In the context of the COVID-19 pandemic crisis, De Grauwe was also in favour of direct monetary financing of government spending by the European Central Bank.

== Selected publications ==
- "The limits of markets", Oxford: Oxford University Press, 2017.
- "Economics of Monetary Union" (Ed.), Oxford: Oxford University Press, 2012.
- "Animal spirits and monetary policy", Economic Theory, vol. 47, no. 2, 2011, pp. 423 – 442.
- "The Return of Keynes", International Finance, vol. 13, no. 1, 2010, pp. 157 – 163.
- "The Fragility of the Eurozone’s Institutions", Open Economies Review, vol. 21, no. 1, 2010, pp. 167 – 174.
- "What have we learnt about monetary integration since the Maastricht Treaty?", Journal of Common Market Studies, vol. 44, no. 4, 2006, pp. 711 – 730.
- "Prospects for monetary unions after the Euro", Cambridge, MA: The MIT Press, 2005.

With others
- De Grauwe, P, & Ji, Y. (2013). "Panic-driven austerity in the Eurozone and its implications", Vox EU, Paper on voxeu.org, 21 February 2013.
- De Grauwe, P., & Kaltwasser, P. R. (2012). "The Exchange Rate in Behavioral Framework". In James, J., Marsh, I., & Sarno, L. (Eds.) The Handbook of Exchange Rates, Wiley.
- Altavilla C., & De Grauwe, P. (2010). "Non-Linearities in the Relation Between the Exchange Rate and the Fundamentals", International Research Journal of Finance and Economics, vol. 15, pp. 1 – 21.
- De Grauwe, P., Moesen, W. (2009). "Gains for all: a proposal for a common euro bond", Intereconomics, vol. 33, no. 3, pp. 132 – 141.

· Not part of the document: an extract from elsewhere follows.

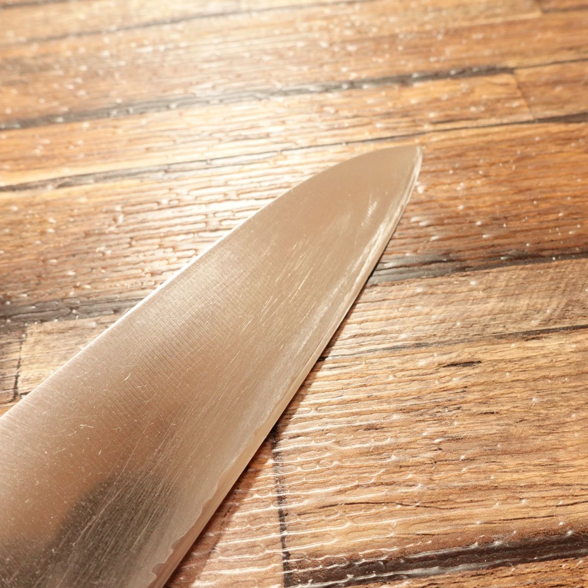 A Western-style gyuto with a PM high-speed steel core (powder metallurgy) for excellent edge retention and toughness, clad for easier maintenance.

- De Grauwe, P., & Senegas, M. (2006). "Monetary policy design and transmission asymmetry in EMU: Does uncertainty matter?", European journal of political economy, vol. 22, no. 4, pp. 787 – 808.
- De Grauwe, P., & Zhang, Z. (2006). "Introduction: Monetary and economic integration in the East Asian region", World economy, vol. 29, no. 12, pp. 1643 – 1647.
- Aksoy, Y., De Grauwe, P., & Dewachter, H. (2002). "Do asymmetries matter for European monetary policy?", European Economic Review, vol. 46, no. 3, pp. 443 – 469.